I see your point re: People’s Joker leveraging the big brand both for buzz and self-inflicted victimhood when it didn’t strictly need to, but I also think the project is so centrally about rebellion against the status quo (and how that rebellion ties to Drew’s self-perception) that I don’t see how it could work with characters like The Jester and her diminutive criminal friend The Sparrow.

Re: Woman of the Hour, I realize my positive mini-review is mostly complaints, but it speaks to how the craft is just unremarkably (and therefore, given context, surprisingly) solid. There’s one scene at a bar and parking lot that’s so good, Netflix just used the scene as its teaser. But I can see you or anyone being much higher or lower than me depending on how much the script bugs you.

I have a confession which is that I’ve only seen a smattering of Futurama despite my adoration of golden age Simpsons. Part of my resistance is that my friends in college very aggressively took the corner of “Futurama > Simpsons” which I got very defensive about even though I haven’t seen the show. (I also am suspicious of any show that gets a cancellation revival, though that shouldn’t stop me from at least watching the original run.)

Futurama is probably pound-for-pound better than The Simpsons by now, and I would accept the opinion that it was even in 20XX, though I don’t think I share it.

Futurama was remarkably resilient to going on extended hiatuses until the latest revival, which has some high points, but it’s a bad sign for a pair of seasons that like 90% of the actual bad episodes of a show reside there.

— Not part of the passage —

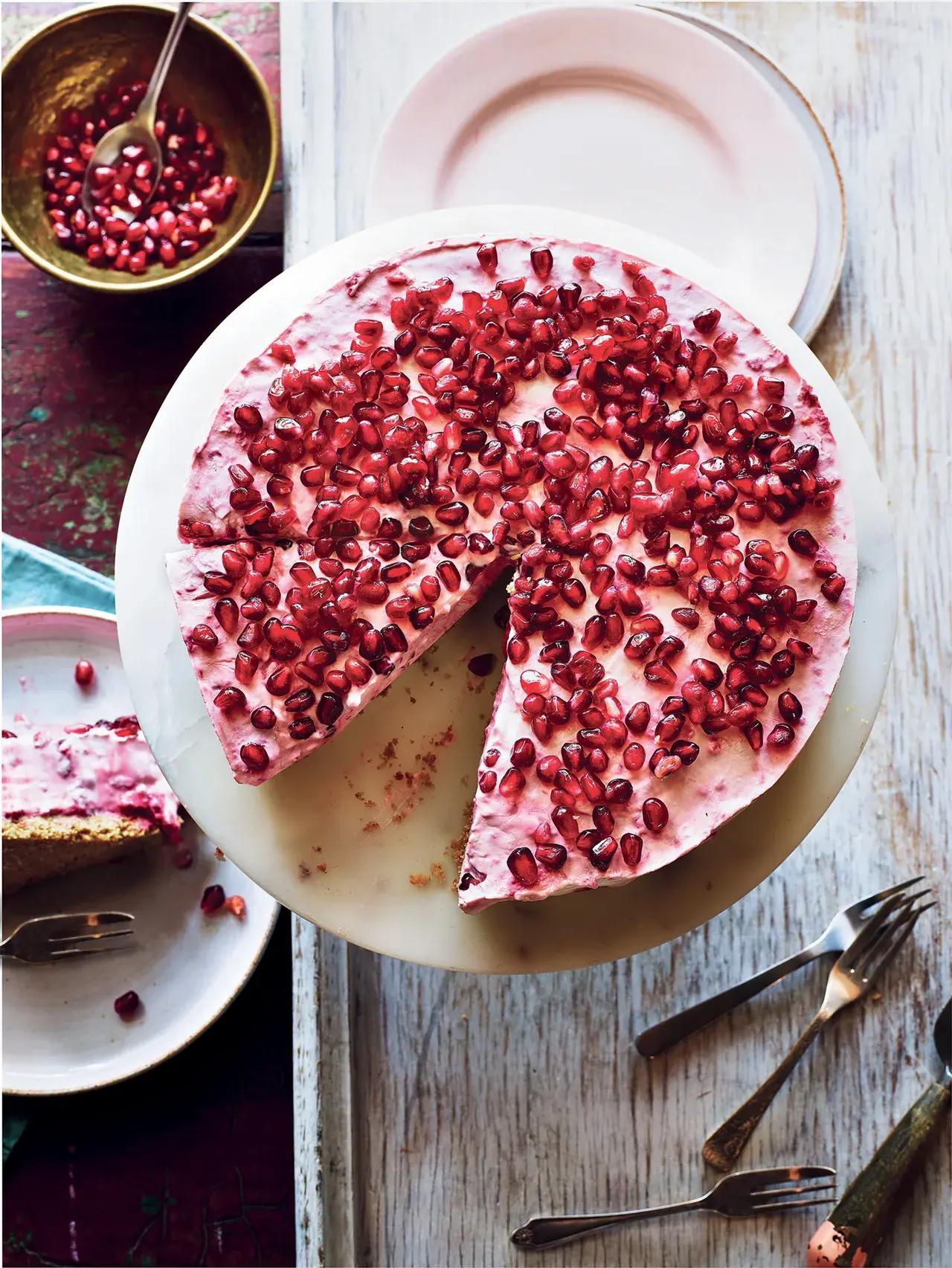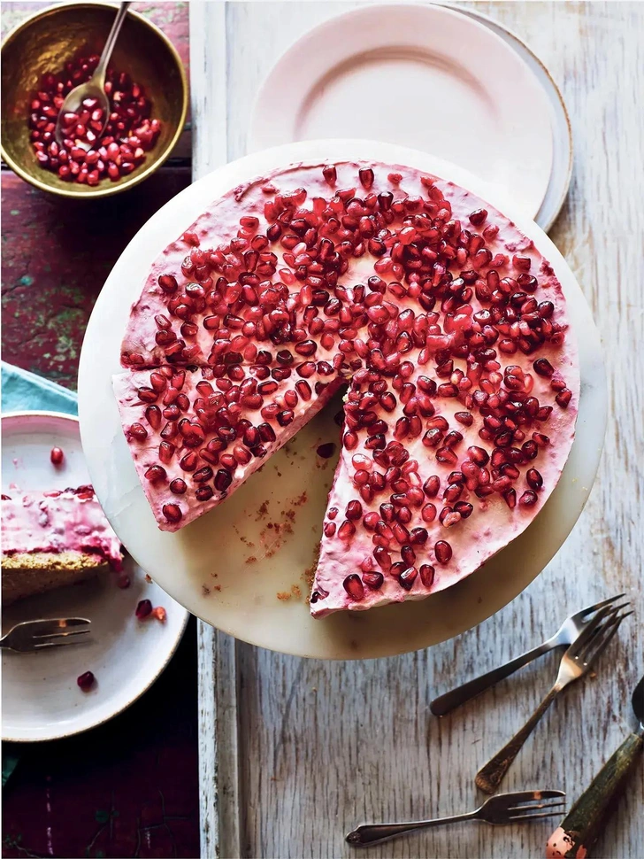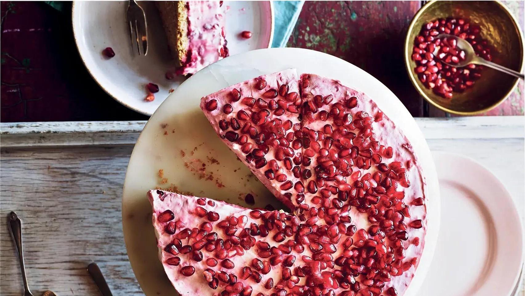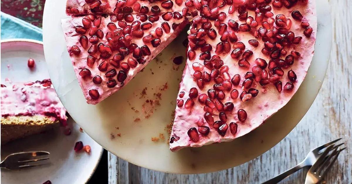 Достаньте из холодильника основу из печенья и смесь сливочного сыра и аккуратно выложите смесь на дно формы, заполняя её. Разровняйте поверхность лопаткой. Убедитесь, что зёрна граната сухие, затем выложите их на верх чизкейка слоем так, чтобы они покрывали смесь сливочного сыра. Поставьте в холодильник на 8 часов или на ночь.

I disagree with you slightly on WOMAN OF THE HOUR – for my money the very inconsequential nature of the core incident to the rise & fall of a serial killer makes it all the more of a relief when (For once!) a rather charming obscure starlet manages to avoid becoming part of the Butcher’s Bill for a serial killer one gimmick shy of becoming a full blown Slasher.

Think about it: think about just how many versions of this story would feed yet another young woman to the ******* who had the sheer nerve to approach her on Live TV, whether for that little extra thrill of satire, in the interests of black comedy or just because the mental image occurred to someone.

This is, admittedly, looking at things on a rather meta level – put another way, the core story drives home the tragedy and horror of all those other scenes by making it painfully clear that, with a little luck, those other girls might have survived their brush with a killer (and the killer himself might have been brought to book far earlier).

There is a weird and satisfying modulation of the tension of having Kendrick escape by the skin of her teeth rather than become a final girl. It’s a little more realistic, I suppose. And the pretense of having it be on live TV definitely adds a built-in layer of commentary on how we as a culture gawk at victims. Glad this one worked for you!

By the way, I’m not sure if you share my lightly-warped sense of humour, but I’ve been watching Ms. Julianne Nicholson in another mother-and-daughter misadventure on BBC 1 for the past two Saturdays.

Why should this be funny? Why because the show is called DOPE GIRLS (and the show almost certainly lives up to the mental image that name likely gives you, so long as it’s a rather brutally Pulp crime drama set in London’s underworld just after the First World War).

I’ve actually been looking for more Nicholson content to watch. I haven’t seen her in much but she’s been grinding the indie movie scene for 20 years now. Will keep Dope Girls in mind even though I don’t do too much TV these days.

I just read your review of it and it’s definitely possible I’m underselling the potency of its observations on aging and intergenerational relationships.